Stobie v Clouston

Case

[2015] NZHC 568

25 March 2015

No judgment structure available for this case.

IN THE HIGH COURT OF NEW ZEALAND BLENHEIM REGISTRY

CIV-2014-406-003 [2015] NZHC 568

UNDER The Administration Act 1969

IN THE MATTER OF

an application pursuant to s 21(1) of the said Act for the removal of JASON SCOTT CLOUSTON as Executor and Trustee of the Estate of the late GEOFFREY ROY STOBIE

BETWEEN

IAN GEOFFREY STOBIE Plaintiff

AND

JASON SCOTT CLOUSTON Defendant

Hearing: On the papers

Counsel:

J M Stephenson for Plaintiff
Defendant in person

Judgment:

25 March 2015

COSTS JUDGMENT OF MACKENZIE J

I direct that the delivery time of this judgment is

4.50 pm on the 25th day of March 2015

Solicitors:           Kaimai Law Bethlehem, Tauranga, for Plaintiff

Copy to:            The Defendant

STOBIE v CLOUSTON [2015] NZHC 568 [25 March 2015]

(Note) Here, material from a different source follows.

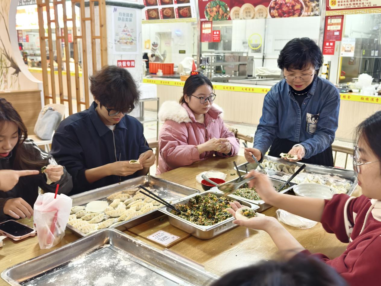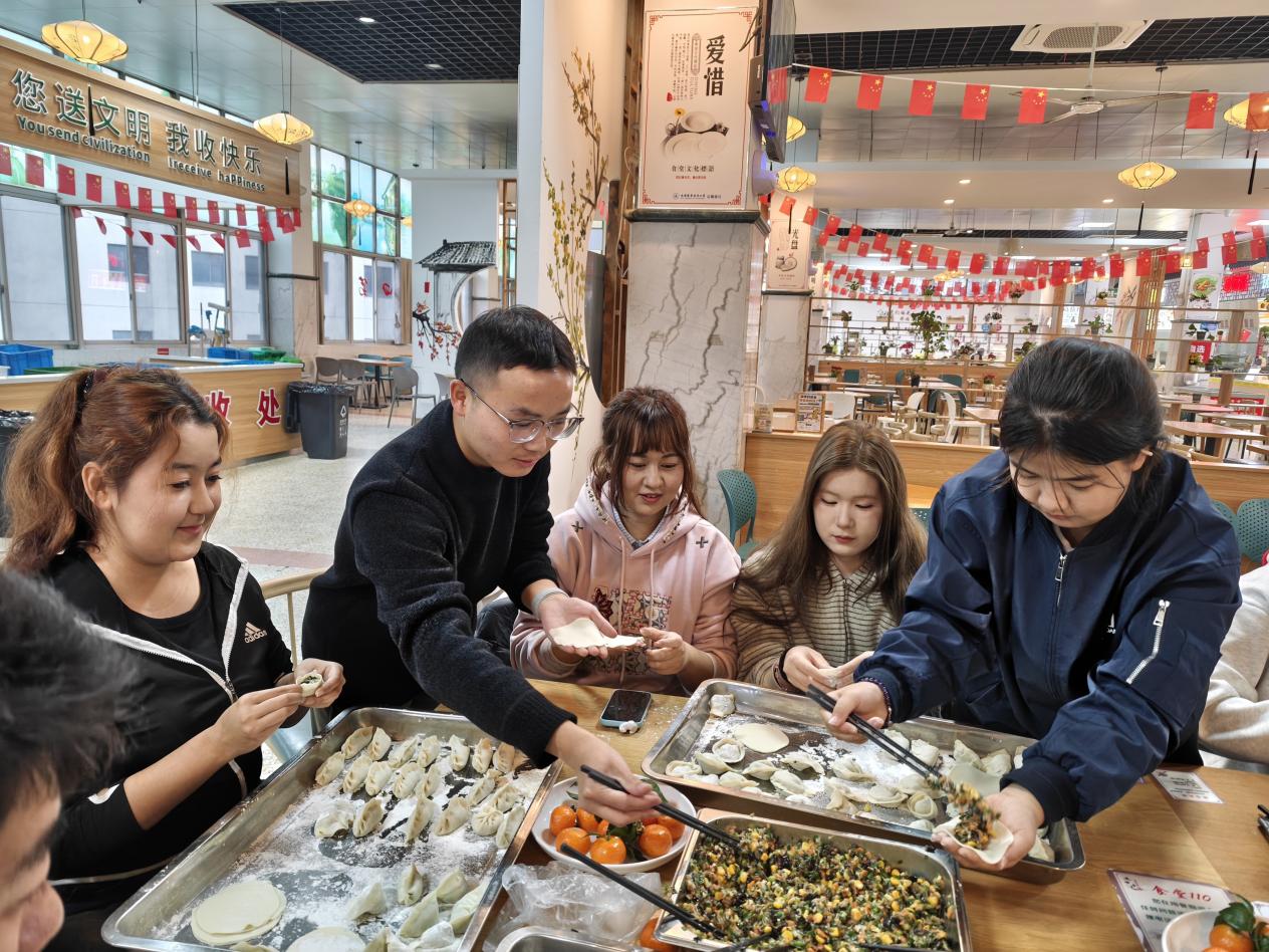 南圆北饺,共暖一冬。为兼顾不同地区的冬至习俗,学院不仅备有饺子,也特意准备了象征团圆的汤圆。热气腾腾的饺子与汤圆相继出锅,师生们围坐一堂,品尝劳动成果,深入交流各自民族的节日习俗与文化故事,在欢声笑语中推进不同民族学生之间情感交融。同学们纷纷表示,这次活动不仅让大家体验了包饺子的乐趣,感受到了冬至的传统韵味,更在互动交流中增进了对不同民族文化的理解与认同,深刻体会到“各民族像石榴籽一样紧紧抱在一起”的意义。

[1]      The plaintiff and the defendant were the executors of the estate of the late Mr G R Stobie.   Probate was granted on 20 May 2013.   In this proceeding, the plaintiff alleged that the defendant has misconducted himself in the administration of the estate and sought an order pursuant to s 21(1) of the Administration Act 1969 removing  the  defendant  as  administrator.    The  proceeding  was  commenced  in January 2014.  The defendant took no steps and the proceeding was set down for a formal proof hearing.  The events at that hearing are described briefly in my minute

of 30 June 2014.1   Mr Clouston belatedly took steps to address the proceedings.  He

agreed at the hearing that it was not appropriate for him to continue as an executor.  I

therefore made the orders sought in the application.

[2]      I  reserved  costs  for  submissions.     Counsel  for  the  plaintiff  filed  a memorandum  dated  15  August  2014  seeking  indemnity  costs.    I  then  fixed  a timetable for further submissions.   Those submissions were filed but regrettably there was some delay before they reached me and I received the final submissions only in early February.  The consequent delay in delivering this decision is regretted and I apologise to the parties for it.

[3]      The plaintiff seeks indemnity costs against the defendant.  On the face of it, the defendant’s conduct in failing to address the proceedings might be behaviour of a type which would justify an award of indemnity costs.  However, the circumstances must be considered to decide whether that is so.   The defendant has filed a memorandum setting out the situation in some detail.   This is contained in his memorandum  dated 30 October 2013.    He describes  a dysfunctional  relationship with his co-executor and gives an explanation of his actions.

[4]      In all the circumstances, I consider an award of indemnity costs against the defendant is not justified.  I do not consider it appropriate to venture into the rights and wrongs of what has occurred to date.  The only factor which is relevant in fixing costs is conduct in relation to the proceedings.  I must consider whether any of the

circumstances in r 14.6(4) of the High Court Rules are present, to such an extent as

1      Stobie v Clouston HC Blenheim CIV-2014-406-3, 30 June 2014.

would justify an award of indemnity costs.  The defendant failed to take any steps in relation  to  the  proceeding  until  the  morning  of  the  hearing.     That  was  not appropriate, but it does not bring the case within r 14.6(4)(a) or (b).

[5]      It is also relevant that the defendant was an executor of the estate.  He is a solicitor, though not in practice.   He would ordinarily be able to recover expenses incurred in his capacity as executor from the estate.2     I consider that the circumstances do not justify any recovery by the defendant, but that principle weighs against ordering costs against him personally, in the absence of a clear dereliction of his duty, an inquiry on which I have not had to embark.   This litigation has not

required any finding by me which would justify a personal costs order against the defendant.

[6]      The plaintiff, as a co-executor, should receive reimbursement for his costs from the estate.  The proceedings will have resolved issues to allow administration to proceed.   The litigation is thus to be treated for costs purposes as being for the benefit of the estate, so that indemnity costs should be payable out of the estate,

under r 14.6(4)(c).3

[7]      Counsel for the plaintiff has quantified costs and disbursements to date at

$10,234.82.   While it may be that no order is strictly necessary to achieve this, I direct that amount is to be paid from the estate.  Any further costs will form part of the cost of administration in the usual way.

“A D MacKenzie J”

2      J R Martyn and N Caddick (eds) Williams, Mortimer and Sunnucks on Executors, Administrators and Probate (20th ed of Williams on Executors and 8th ed of Mortimer on Probate, Sweet & Maxwell and Thomson Reuters, London, 2013) at [56.02].

3      See Re Buckton [1907] 2 Ch 406.